Data: 2002-11-19 12:50:54
Temat: Re: femme fatale
Od: massif <t...@s...pl>
Pokaż wszystkie nagłówki
On Tue, 19 Nov 2002 13:17:50 +0100, "Dran" <d...@o...pl> wrote:
>Dobra rada... nie pomagaj, omijaj szerokim lukiem... Chyba ze jestes na tyle
>dobry, zeby to ja wyrolowac ;) Ale na dluzsza mete... albo dostaniesz po
>dupie, albo sie z nia bedziesz szarpal do usranej smierci.
wygodnie tak zakladac, ze ktos jest niereformowalny : )
>Wlasciwie to jak
>raz sie sparzysz to sie uodpornisz i przestana Cie takie pociagac.
cokolwiek sie nie stanie, chce to sprawdzic.
>Najlepiej zostawic taka sobie samej... wykonczy sie bez niczyjej pomocy ;)

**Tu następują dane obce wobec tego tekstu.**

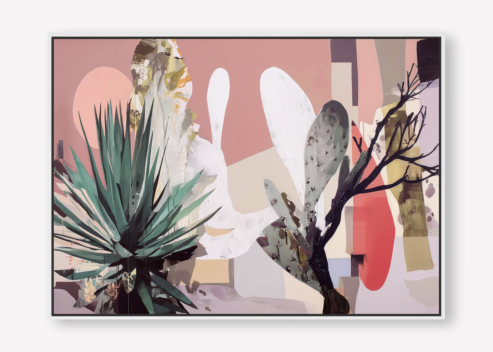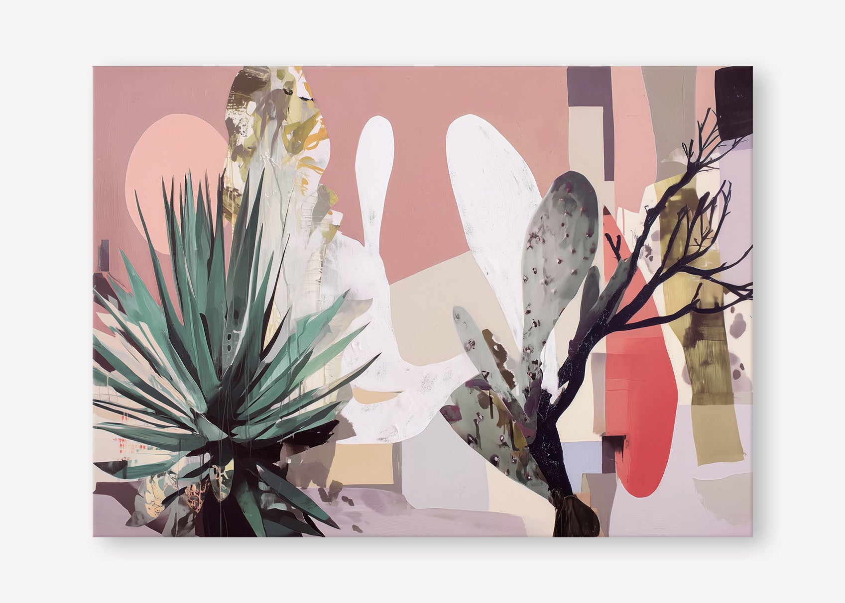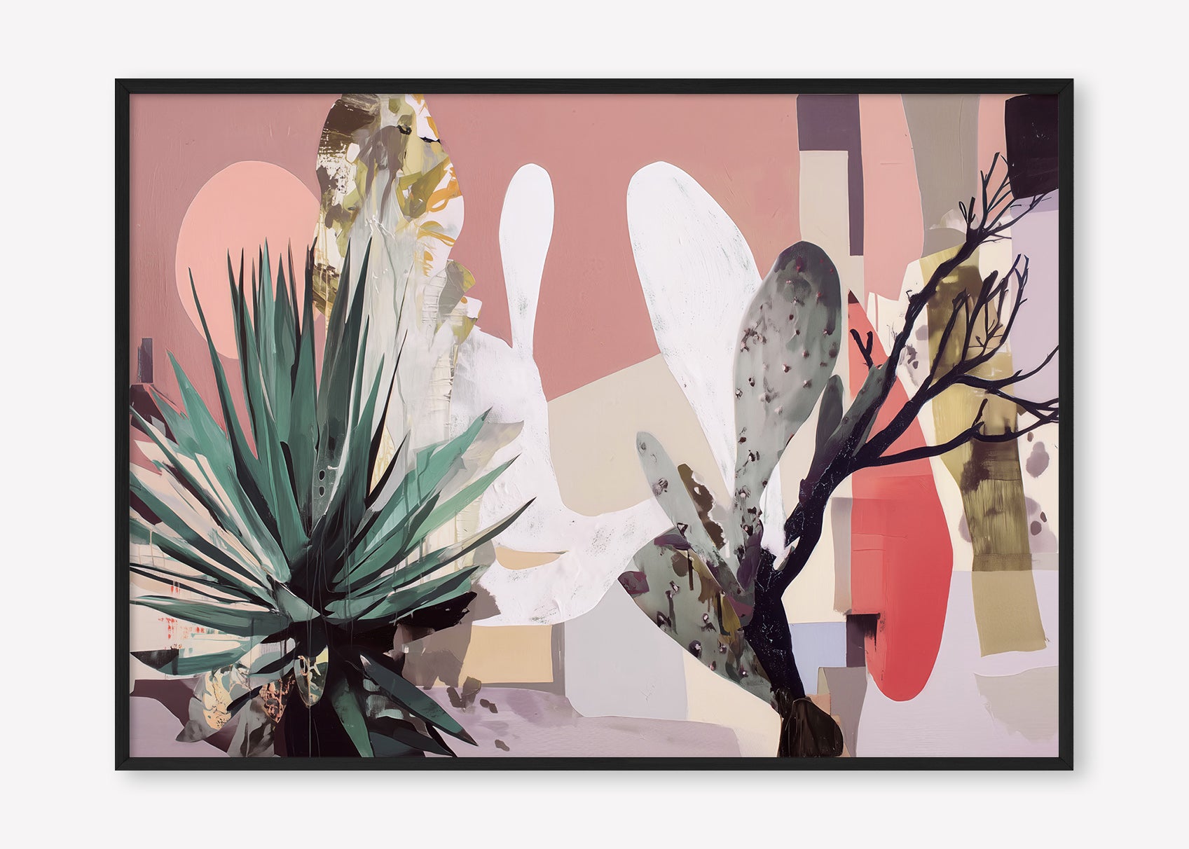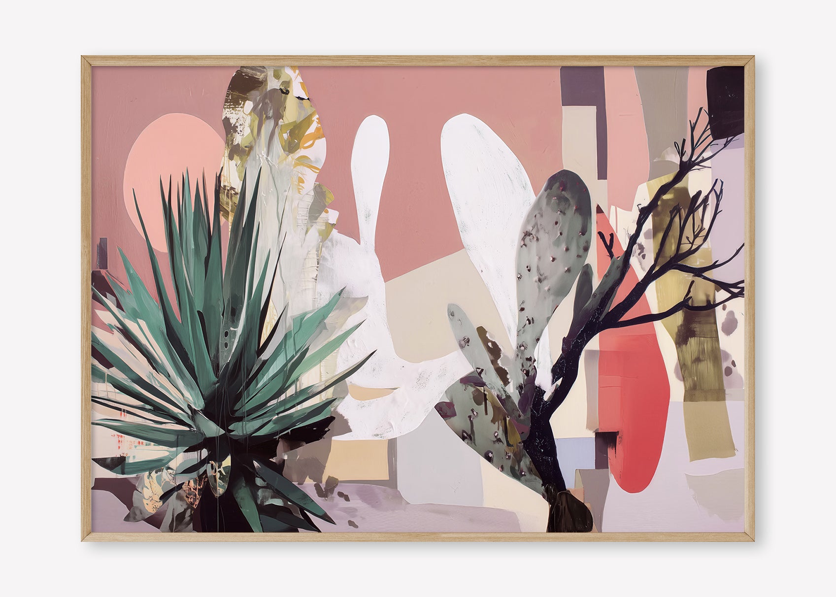A teal succulent and sparse branches stand against warm hues and a setting sun, a serene desert dreamscape.
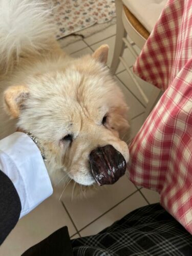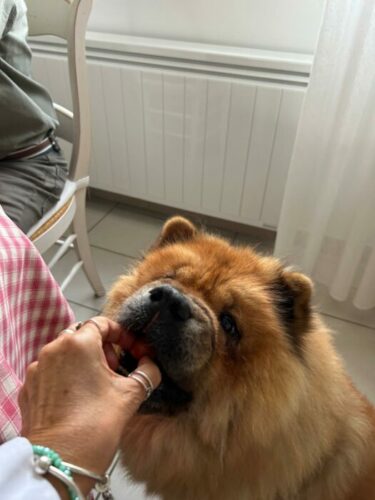 Comme de nombreux chows, Maybach a très régulièrement une injection de Librela pour améliorer sa mobilité et profiter des promenades sans qu’elles soient gâchées par la douleur.
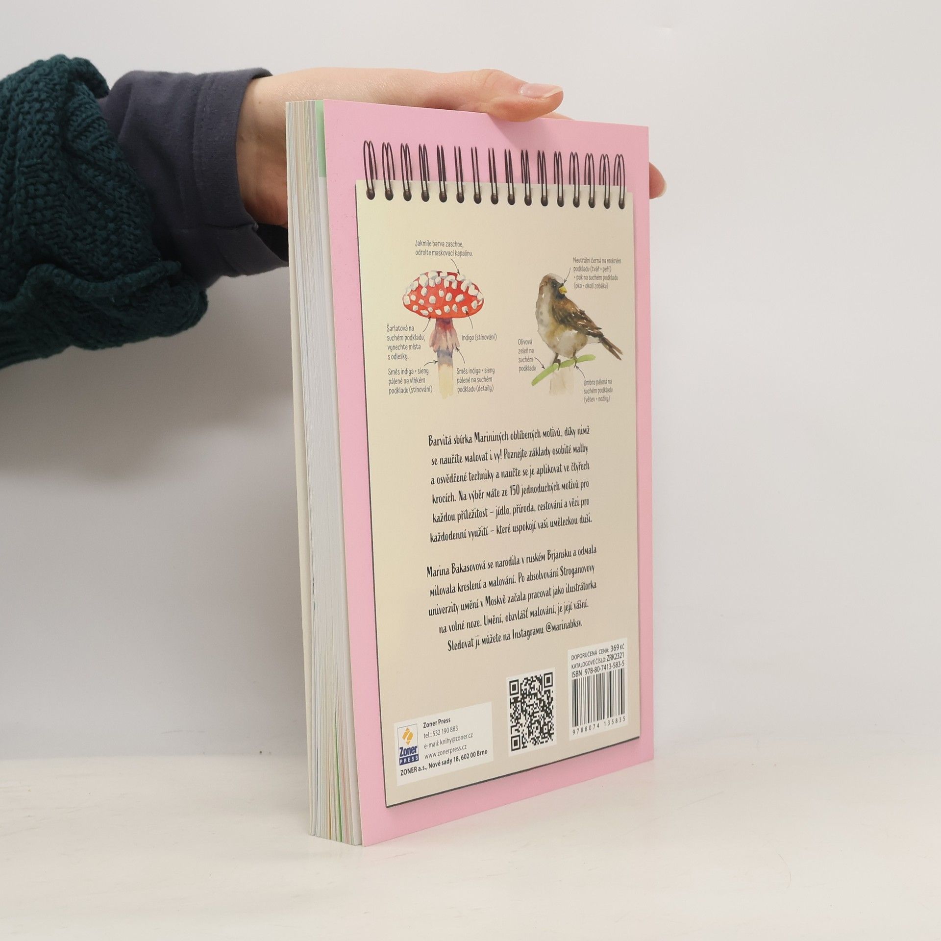 Chcete se naučit malovat akvarelovými barvami nebo chcete prostě jenom prohloubit svoje dovednosti? Zajímá vás, jak namíchat správný odstín a jak vybrat vhodný štětec? Rádi byste si užili trochu legrace při malování různorodých motivů? Pokud je vaše odpověď na kteroukoli z těchto otázek „ano“, pak je tato kniha právě pro vás! Akvarel ve čtyřech krocích (Four-Step Watercolour) od autorky Mariny Bakasovové je plný užitečných tipů a návodů, jak postupovat při tvorbě vlastních obrázků a ilustrací. Autorka vám hned na začátku představí jednotlivé pomůcky, které jsou pro malování akvarelem potřeba, a ukáže vám, jak se od sebe liší různé techniky. Jestli tápete, jakým motivem začít, můžete nahlédnout do roztomilého seznamu! Na výběr máte hned ze 150 jídel, tvarů, zvířat a věcí. Je libo namalovat si ve čtyřech krocích citrón, zmrzlinu nebo papouška? U každého motivu vás čeká doporučení, jestli začít na suchém, anebo mokrém podkladu, spolu se seznamem vhodných barev, případně tipů na jejich míchání. Spolu s tím v knize najdete doporučení ohledně obtížnosti. Tak na co čekáte? Popusťte uzdu své tvořivosti a hurá do toho! O autorovi/autorce Marina Bakasovová se narodila v ruském Brjansku a odmala milovala kreslení a malování. Po absolvování Moskevské státní Stroganovovy umělecké univerzity začala pracovat jako ilustrátorka na volné noze. Umění, obzvlášť malování, je její vášní. Sledovat ji můžete na Instagramu @marinabksv.
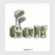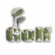 Pictured in a dimensional design is the word golf with two golf clubs behind it
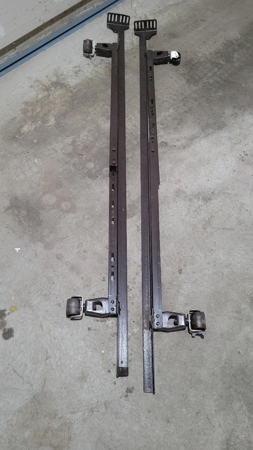 Adjustable Metal bed frame with wheels. Can be adusted to Twin, double, and queen. cons missing center bar. Used but in good condition.
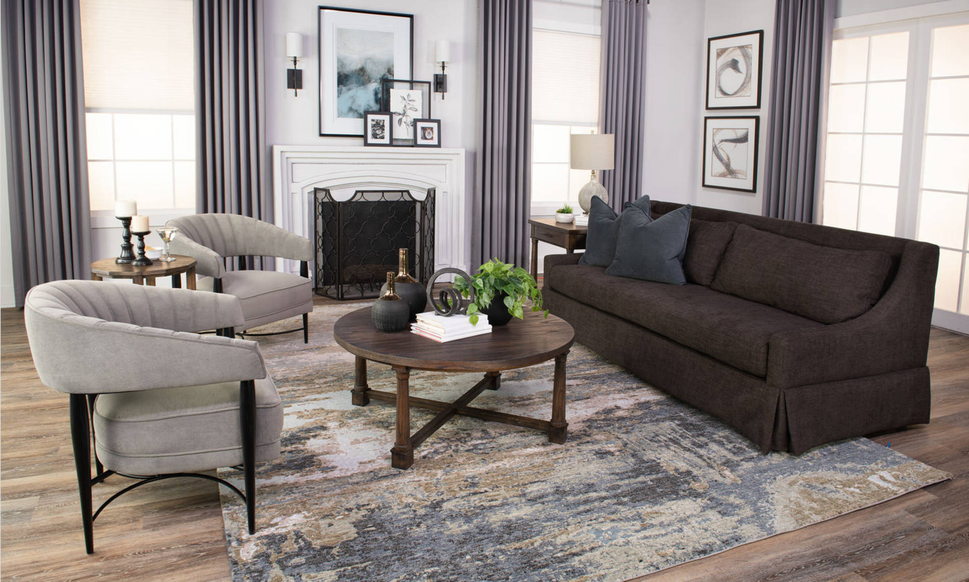 Gold and steel are in the mix along with burl, marble, black onyx and natural stones. Large mirrors add light and accentuate the colors and metallics! Traditional art deco geometrics find a modern place in metallic furniture and light fixtures. Bold patterns in upholstery, rugs and even wall art bring a taste of the Jazz Age to life!
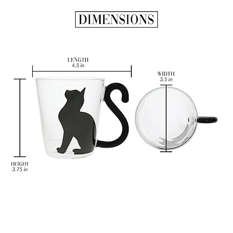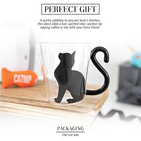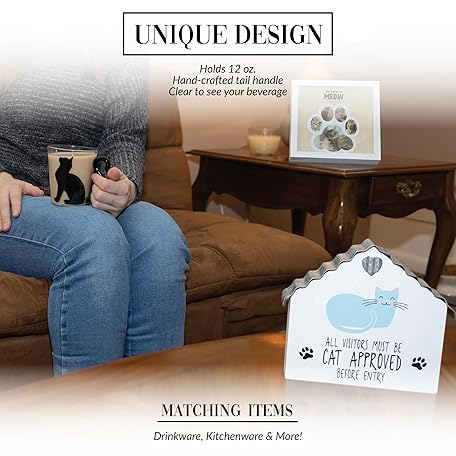 • Pavilion Gift Company - Cat - 12 oz Glass Coffee Mug Tea Cup Kitty Kitten Feline Cat Mom Dad Lover Present
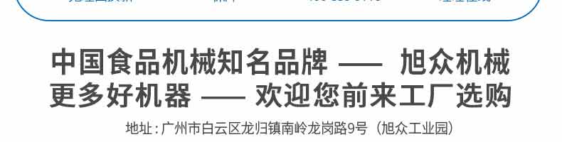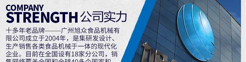 廣州旭眾食品機(jī)械有限公司是一家集科研開(kāi)發(fā),生產(chǎn)設(shè)計(jì),營(yíng)銷(xiāo)服務(wù)為一體的現(xiàn)代化生產(chǎn)企業(yè)?,F(xiàn)代化生產(chǎn)車(chē)間,精湛制造技術(shù),所產(chǎn)機(jī)械歷經(jīng)市場(chǎng)重重考驗(yàn),不斷贏得海內(nèi)外客戶的贊譽(yù)。
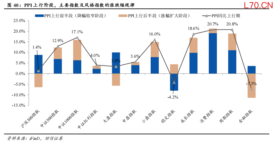 从主要指数及风格指数来看,PPI同比转正前沪深300跑赢,但伴随PPI同比转正后中证1000表现出更好的上涨持续性。为了更直观地对比,我们挑选出PPI同比低点为负的三轮上行周期,其中将PPI同比由负转正的阶段定义为PPI同比上行前半段,将PPI同比涨幅扩大阶段定义为PPI同比上行后半段,我们发现前半段平均历经7.7个月,平均上行幅度为6.1个百分点;后半段平均历经16.7个月,平均上行幅度为9个百分点。从主要指数来看,沪深300指数表现为先扬后抑,前、后半段涨跌幅分别为8.7%、-6.3%;中证500指数表现相对稳定,前、后半段涨跌幅分别为7%、5.3%;中证1000表现为先抑后扬,前半段、后半段平均涨跌幅分别为6.4%、9.5%。从主要风格来看,PPI上行前半段,消费风格平均涨幅达到19.2%,跑赢其他风格;PPI上行后半段,周期、成长风格后来居上,平均涨幅分别为7.8%、7%。因此我们总结出,PPI上行前半段,大盘风格、消费风格最为受益;但伴随着PPI逐步转正,小盘风格、周期风格、成长风格表现出更好的上涨持续性;此外,红利指数尽管涨幅不大,但在PPI上行前半段、后半段都录得正收益;稳定风格在PPI上行前半段表现一般,但在PPI同比上行后半段录得正收益。
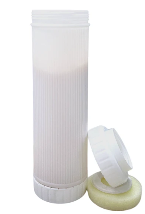 Фильтрующий материал (гранулированный активированный уголь) расположен внутри полистиренового внешнего корпуса. Полистиреновые наконечники фиксируют фильтрующий материал, полипропиленовый постфильтр.
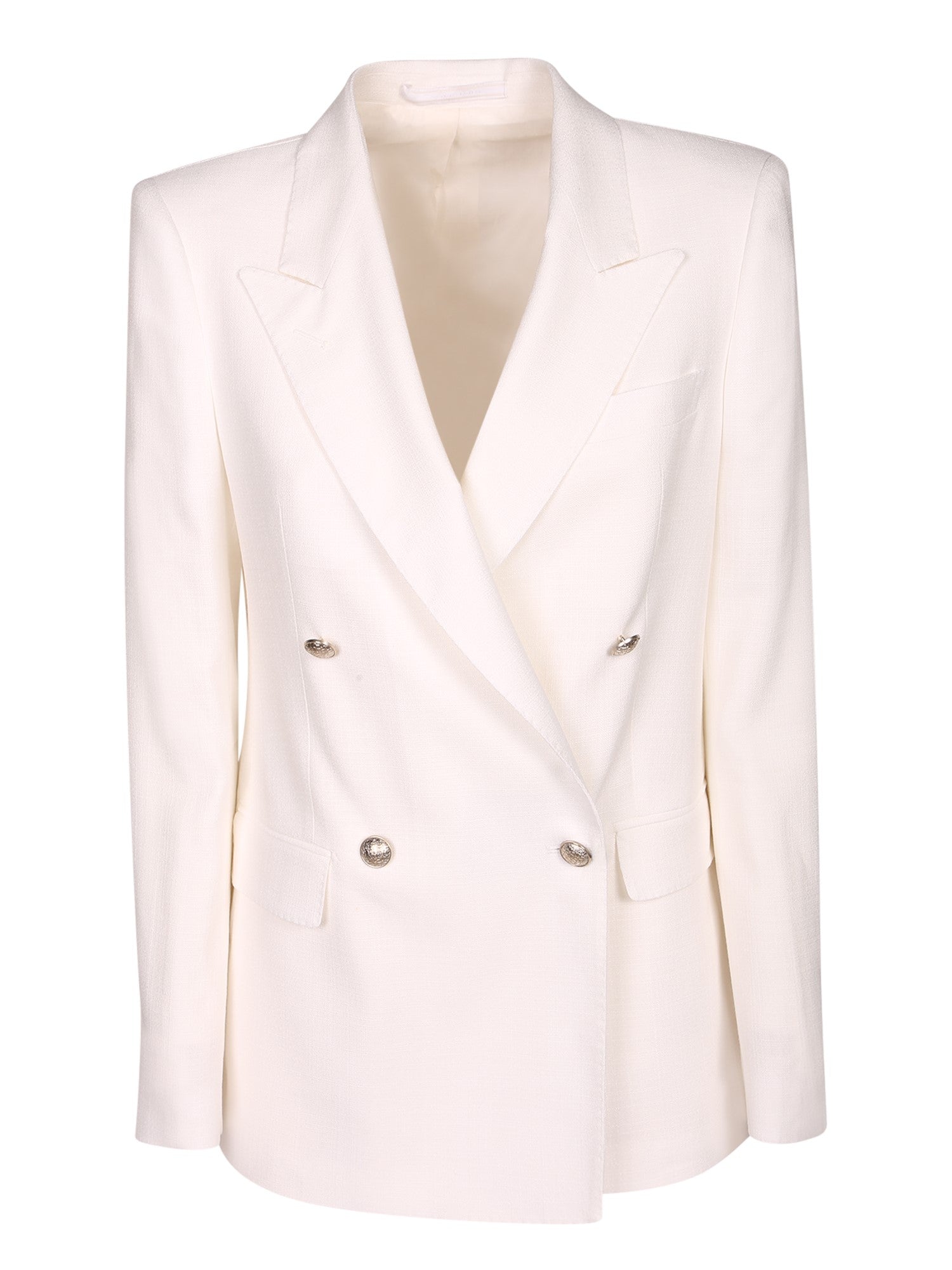 Viscose fabric. Double-breasted cut. Metallic buttons.
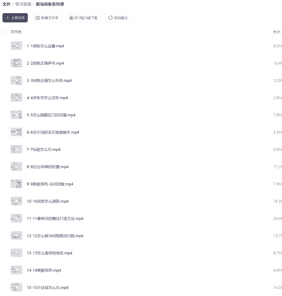 [课程】黑马闲鱼系列课 共20节 227.7m
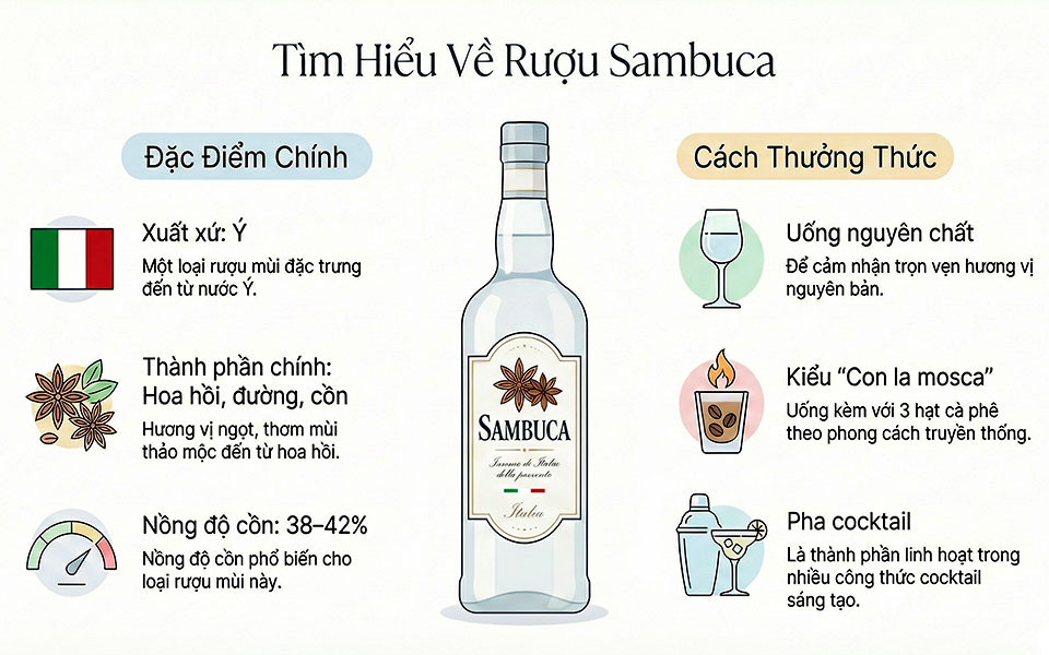 Sambuca là một loại rượu mùi hương hồi có nguồn gốc từ Ý. Được biết đến với hương vị mạnh mẽ và đặc tính thơm, loại rượu này chủ yếu được làm từ tinh dầu chiết xuất từ hoa hồi.
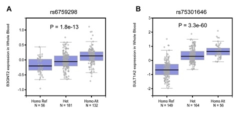 图2:B3GNT2和SULT1A2基因表达水平与基因型密切相关
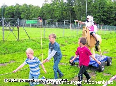 HASTE (em). Den Startschuss für die Jubiläums-Sporttage des ETSV Haste, bei denen an vier Tagen etwa 500 Sportler aktiv waren, bildete der Kanal-Lauf. Am Freitag hieß es dann traditionell "Ein Dorf spielt Fußball". Immerhin sieben Mannschaften kämpften um den Titel. Den Pott gewann nach Neun-Meter-Schießen das Team "Dynamo Tresen", mit frisch gebackenen Abiturienten gespickt, vor dem "Trainerteam Haste". Das Beach-Volleyballturnier auf Sand wurde am Sonnabend von der Mannschaft der "Evangelischen Jugend" gewonnen, die zum ersten Mal teilnahm. Platz zwei erreichten die "Funfighters", die sich speziell für dieses Turnier bedruckte T-Shirts hatten anfertigen lassen. Der Sonntag bildete den absoluten Höhepunkt der Sporttage, daran konnten auch die kräftigen aber kurzen Regenschauer nichts ändern. Früh morgens machten sich Radler auf die 30 Kilometer lange Strecke für den "Haster Triathlon". Nach anschließendem Teebeutelweitwurf und Tennisballzielwurf wurden Irmgard Knoche und Gerd "Fliege" Rohrssen als Sieger geehrt. Die neu gegründete Haster Damenfußballmannschaft hatte ihren ersten Auftritt, ersatzgeschwächt, aber erfolgreich. Die jüngsten Handballer der E-Jugend erprobten in einem Turnier ihr Können auf dem doch für sie ungewohnten Rasen. Schwindende Energie konnte mit Gulaschsuppe, Kaffee und Kuchen, Grillgut und den bei Kindern beliebten Pommes aufgetankt werden. Ein nostalgisches Spiel mit absolutem Seltenheitswert bildete das Einlagespiel Handball Großfeld der HSG Schaumburg Nord gegen die SG Hohnhorst/Haste. Schiedsrichter Reinhard Lorz, der in jüngeren Jahren noch Punktspiele auf dem Großfeld mitgemacht hatte, vermittelte vor dem Spiel erst die wichtigsten Regeln. Sieger wurde die HSG mit 15:10. Mit dem "Kanal-Cup" wurde am Nachmittag ein weiteres Turnier für Fußball-Herrenmannschaften bestritten, das die Reserve des MTV Rehren AR für sich entscheiden konnte. Der Stimmungshöhepunkt war das "Menschenkickerturnier" mit sieben Teams, das nach fast vier Stunden eigentlich immer noch nicht beendet war, wofür jedoch der Regen zuständig war. Die Teilnehmer hatten viel Spaß bei dem Gerangel um den Ball. Es siegte die Mannschaft aus dem neuesten Baugebiet Hastes, "Hohl Garten". Der Treckerclub war mit 13 liebevoll gepflegten Oldtimern vor Ort. Kinder konnten eine Spazierfahrt machen, größere Zuschauer sich beim "Einparken" eines vorgehängten Wagens erproben oder mit dem Trecker fahrend eine Lanze in aufgehängte Zielscheiben stechen. Ebenso benötigten die 30 Kinder, die an diesen "Ritterspielen" teilnahmen, eine Lanze, um in einem wilden Ritt Ringe aufzuspießen. Als zweite Disziplin versuchten je zwei "Ritter" sich gegenseitig vom Schwebebalken herunterzuschubsen. Andere erprobten sich auf dem Sandplatz im Beach-Tennis, auf Wunsch konnten sich die kleinen Gäste das Gesicht mit bunten Motiven schminken lassen. Der Dank des Vorstandes gilt allen ehrenamtlichen Helfern, die diese erfolgreiche Veranstaltung möglich gemacht haben.

nie ma we mnie takiej zlosci ;) jesli sie takowa pojawi to rownie
dobrze :P
> W
>pewnym wieku przestanie juz byc taka pociagajaca i pewnie ja to zezre ;)
nie wiem, bawi Ci to? sorry, chyba sie naburmuszylem ;)
ale nie rozumiem Twojego nastawienia za bardzo.